SlowMan said:F-32A/C would be entering IOC today at a cost below $70 million/unit.
Remember when the contest was held in 2001 the price tag was supposed to be around $30 million each. (as long as we throwing out bold assertions, why not stick with the original estimates?)
And the A/C part is pretty clever too. Of course if you ignore the B, or you know 33 percent of the requirement (and the most difficult, demanding requirement at that) I agree though, the X-32 could have won if you just ignored that very big glaring obvious fault that was a requirement of the US and UK. But no it was looks, it lost on looks of course.

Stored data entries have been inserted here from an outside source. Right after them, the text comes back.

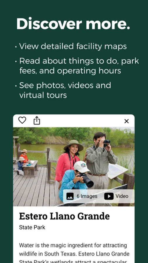 − Find in-depth information on each park, including: things to do, contact information, fees, operating hours, etc.
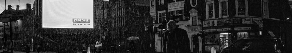 The image was made as I was running to the car park. As soon as I saw the light from the advertising hoarding, it made me stop. The way it was lighting the rain and the wet pavement caught my eye. It was only a moment later that I read the message. The problem though, was that the digital advertising was a constant slideshow. None of the other adverts were as bright or simple; they were in fact colourful and messy, and as a light source didn’t work as they were much dimmer.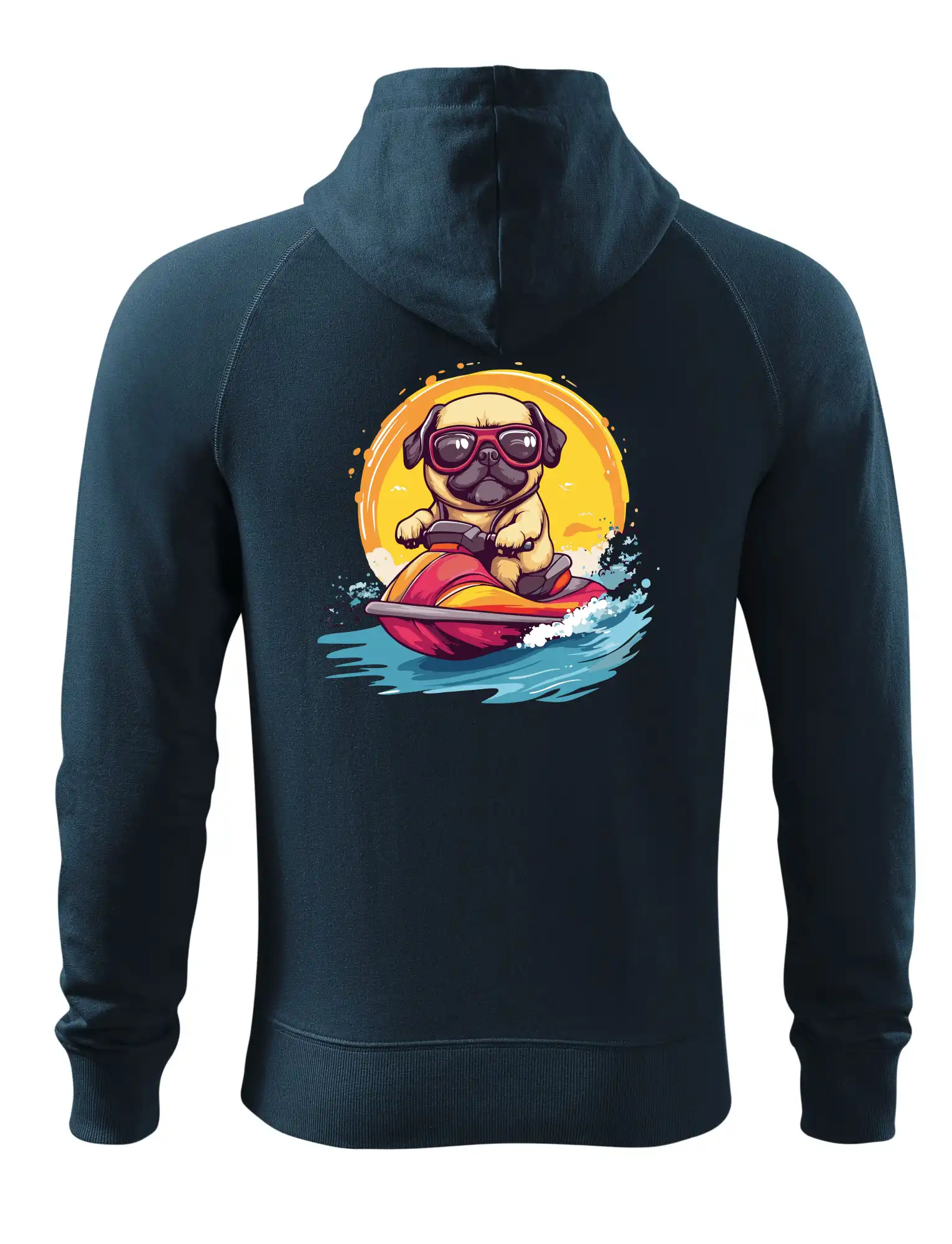Mops na vodnom skútri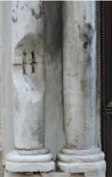 La portada se está deteriorando a pasos agigantados en los últimos diez años, al agrietarse los fustes de las columnas (no pilastras como dice Ayuntamiento y Cultura), los capiteles y el entablamento. Alarmante es el desprendimiento de parte de uno de los fustes de una de las columnas, hecho que pueden observar ustedes en este artículo.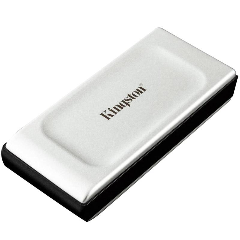 Kingstonov prenosni SSD XS2000 uporablja hitrost USB 3.2 Gen 2x2, za zagotavljanje zmogljivosti naslednje generacije v kompaktnem zunanjem pogonu. Z bliskovito hitrostjo prenosa do 2.000 MB/s1 XS2000 prinaša povečano produktivnost z majhnimi prekinitvami. XS2000 ponuja možnosti hitrega shranjevanja za pretovarjanje in urejanje slik z visoko ločljivostjo, 8K videoposnetkov in velikih dokumentov. Pogon je odporen na prihodnost in je skladen z zahtevami po shranjevanju in je združljiv z večino naprav. Povezuje se z USB Type-C, ki ustvarjalcem vsebin omogoča dostop do njihovih podatkov kjer koli v računalniku ali mobilni napravi. XS2000 vključuje odstranljivo robustno zašč ito in stopnjo zaščite IP55, da vzdrži vodo in prah, zaradi česar je popoln spremljevalec za fotografiranje ali pustolovščine na lokaciji.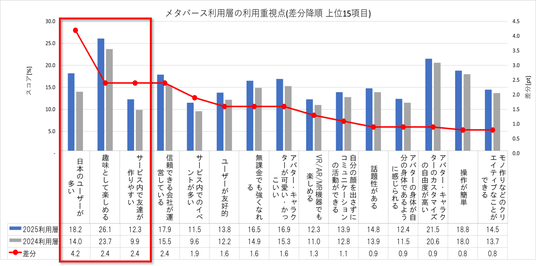 メタバース利用層の利用重視点では前年と比較して、「日本のユーザーが多い:18.2%(+4.2pt)」や「趣味として楽しめる:26.1%(+2.4pt)」、「サービス内で友達が作りやすい:12.3%(+2.4pt)」が伸長しました。”メタバース”では、様々な国籍のユーザーが集い、デジタルな肉体(スキン)を使って、共通の動作(エモート)を行うことで「グローバルな友達作りやコミュニケーション(異文化への出会い)」、「仮想現実への冒険」ができる場として注目されていましたが、現状日本国内では「日本語で友達作りができる日常空間」としての実用性を求め始めていることが窺えます。 一方で、AIによるリアリタイム翻訳の一般化によって、メタバース空間でのグローバルコミュニケーションが増加することを考慮すると、本傾向は今後変わる可能性が考えられます。

STOVL was a make or break, and it didn't make it.
So I am sorry to say but when you have to complete a marathon and run only 15 miles, you lose no matter how great your 15 miles was.
Boeing had done so many cool things, and were ahead of us on schedule so much. It was like the tortoise and the hare.
They were ahead in testing because the X-32 arrived at Edwards first, but after mid air refueling issues, the X-32 was forced to land and refuel and Lockheed was able to continue thanks to mid air refueling and the X-35 quickly caught up.
And Aesthetics were the reason why we have this F-35 mess today, the wrong plane won because it looked better.
exactly, thats why the Apache and A-10 weren't selected for service. Looks are why the YF-23 won. Its all so obvious.
Boeing had done so many cool things, and were ahead of us on schedule so much. It was like the tortoise and the hare.
Yes, STOVL was the only area where the X-35 demonstration was decisively better. But Lockheed cheated in STOVL demonstration because X-35 was considerably smaller and lighter than the F-35 as it didn't have to demonstrate weapons bay, resulting a much narrower, lighter, and slimmer airframe than the hulking beast that the F-35 would eventually become. The X-32 had weapons bay and was a closer representation to what would become the F-32 than what the X-35 was to the F-35.
You are aware that massive changes were already in store for the X-32 since even before the first flight?
The X-32 beat the X-35 in all other parameters, such as range, cost, and development prowess.
How do you measure that last one? Its weird too because the X-35 lift fan won aviation engineering awards...
How about signature? How about hot gas ingestion issues and other safety concerns? Pretty big declarations all around considering the selection process was highly classified. And in the end, as the more successful test aircraft was chosen, (the X-35.) Which did things in the test process that the other test aircraft wasn't capable of and that the X-32 was already going to be redesigned just like the X-35, maybe its a bit odd to measure very heavily some aspects of the test phase and so lightly the other phases. For example, you say that the X-32 was superior but not in testing but it would have been in production --and then in the next breath using talk of the testing phase to validate your argument.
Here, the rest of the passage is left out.